Limbo is a world which allegorically represents the mortal world (Matthew
7.24). The ending is a heaven sequence. Cobb demonstrates faith by rejecting
Mal and then sacrifices his life to rescue Saito. This triggers a symbolic
death ("you have to die to wake up") followed by the forgiveness of sins (at
immigration) and the reunion of the family in the heavenly garden. This is
classic Christian allegory and it's amazing more people aren't commenting on
it.

The ending is no more a dream than heaven is hell.
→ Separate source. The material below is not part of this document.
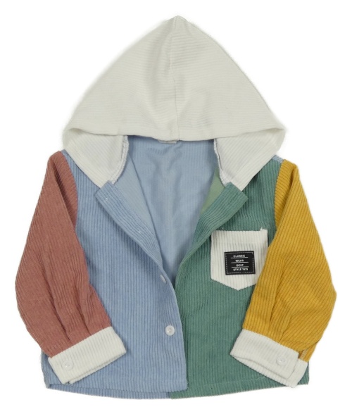 Bílo-modro-růžovo-hořčicová žebrovaná sametová košilová bunda s kapucí Shein

And the only significance
of the spinning top is that Cobb ignores it (another demonstration of faith).
That said, since it's an interesting question how one models death and
redemption in code, my suggestion would be a segfault and then return to root?

------
pygy_
The _Inception_ Movie explained to my son (by Donald Duck, none the less) [1].
Almost all the scenario and the "innovative" concepts of the film come from a
2004 Scrooge McDuck comic.

I've linked to Cracked (even though they might not be seen as the most serious
source) because their account is detailed and very documented.

1\. [http://www.cracked.com/article_19021_5-amazing-things-
invent...](http://www.cracked.com/article_19021_5-amazing-things-invented-by-
donald-duck-seriously.html)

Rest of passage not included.